2. The communication system according to claim 1, further
comprising: a plurality of the wireless communication devices,
wherein the radio wave monitoring apparatus sends the channel
information to a wireless communication device which requests the
channel information among the plurality of wireless communication
devices.
3. The communication system according to claim 1, wherein the radio
wave monitoring apparatus sends the channel information to the
wireless communication device when an accuracy of detecting the
specific radio wave by the radio wave monitoring apparatus is equal
to or greater than an accuracy of detecting the specific radio wave
by the wireless communication device.
4. The communication system according to claim 1, wherein the radio
wave monitoring apparatus sends the channel information to the
wireless communication device when a first pattern of a first
specific wave detected by the radio wave monitoring device is
substantially identical to a second pattern of a second specific
wave detected by the wireless communication device, and the first
specific wave and the second specific wave are detected within a
predetermined time of one another.
5. The communication system according to claim 1, wherein the
wireless communication device is configured to perform channel
selection autonomously when the channel information is not received
from the radio wave monitoring apparatus after the request for the
channel information was sent to the radio wave monitoring
apparatus.
6. The communication system according to claim 1, wherein the radio
wave monitoring apparatus comprises a plurality of receivers, and
the plurality of receivers are configured to each receive the
specific radio wave at different channels.
7. The communication system according to claim 6, wherein the
plurality of receivers each comprise separate interfaces configured
to connect to the radio wave monitoring apparatus.
8. The communication system according to claim 1, wherein the
wireless communication device and the radio wave monitoring
apparatus are connected by a wired connection.

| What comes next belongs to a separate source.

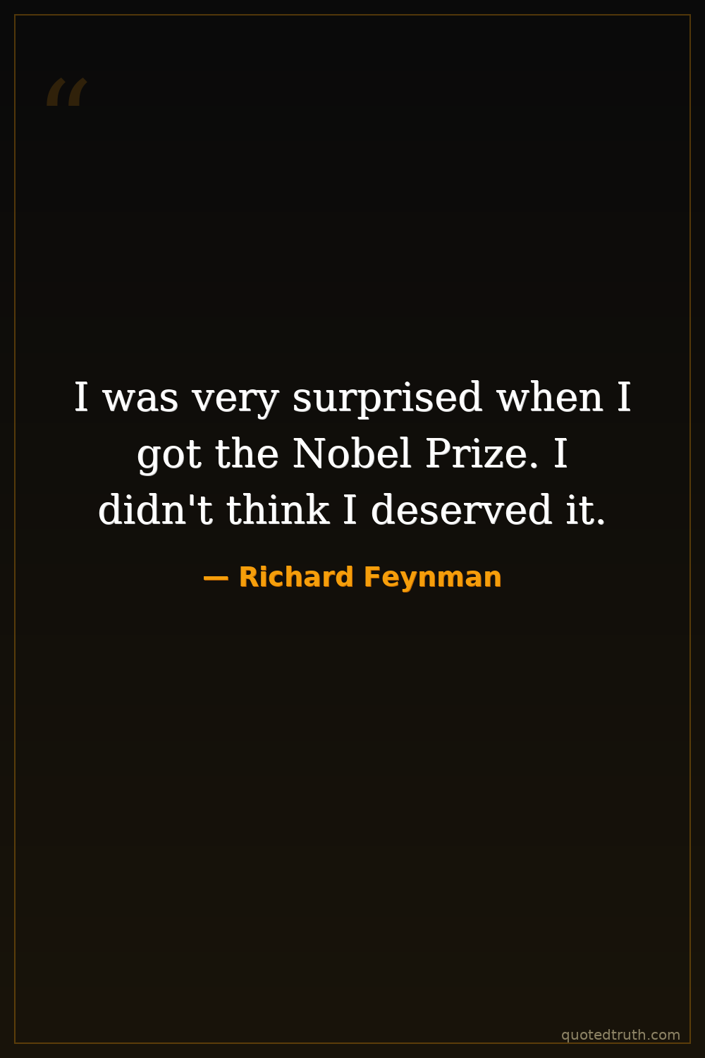 I was very surprised when I got the Nobel Prize. I didn't think I deserved it.

9. A radio wave monitoring apparatus, comprising: circuitry
configured to communicate with a wireless communication device
which is separately provided from the radio wave monitoring
apparatus and is configured to perform wireless communication via a
channel selected from a plurality of channels; detect a specific
radio wave at the plurality of channels; select a channel for the
wireless communication in response to a request from the wireless
communication device and based on a result of the detection; and
send channel information indicating the selected channel to the
wireless communication device.
10. The radio wave monitoring apparatus according to claim 9,
wherein the circuitry is further configured to: communicate with a
plurality of the wireless communication devices; and send the
channel information to a wireless communication device that
provides the request among the plurality of wireless communication
devices.
11. The radio wave monitoring apparatus according to claim 9,
wherein the circuitry is further configured to: send the channel
information to the wireless communication device when an accuracy
of detecting of the specific radio wave by the radio wave
monitoring apparatus is equal to or greater than an accuracy of
detecting the specific radio wave by the wireless communication
device.
12. The radio wave monitoring apparatus according to claim 9,
wherein the circuitry is further configured to: send the channel
information to the wireless communication device when a first
pattern of a first specific wave detected by the radio wave
monitoring device is substantially identical to a second pattern of
a second specific wave detected by the wireless communication
device, and the first specific wave and the second specific wave
are detected within a predetermined time of one another.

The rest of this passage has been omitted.